Each line from the top of the listing through the one holding "și etichetă personalizabilă" should be restated word for word, with nothing added and no pictures.

(Dataset content):
──────

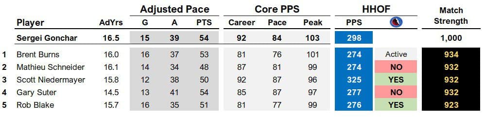 Playing matchmaker with Gonchar shows him to be a unicorn. He profiles statistically similar to four players far back of him in PPS, and one player (Niedermayer) out of his league.
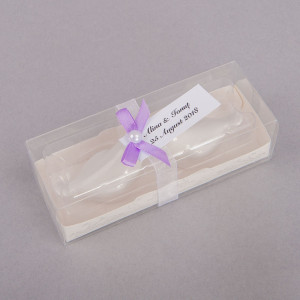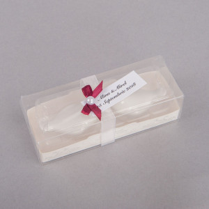 ✔ Ambalaj: Cutie transparentă cu fundiță și etichetă personalizabilă
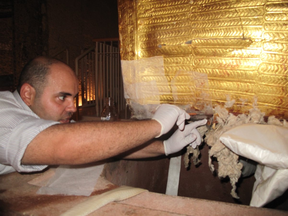 التابوت الذهبي الكبير الذي يعد من أكثر القطع تعقيدًا وخطورة في التعامل من حيث الحالة الحفظية والخصائص المادية، فقد كان التابوت في حالة ضعف شديدة كما تحدثنا نتيجة تأثيرات الرطوبة والتقلبات الحرارية داخل المقبرة على مدار نحو قرن من الزمان.

──────

(Task response):
 Playing matchmaker with Gonchar shows him to be a unicorn. He profiles statistically similar to four players far back of him in PPS, and one player (Niedermayer) out of his league.
 ✔ Ambalaj: Cutie transparentă cu fundiță și etichetă personalizabilă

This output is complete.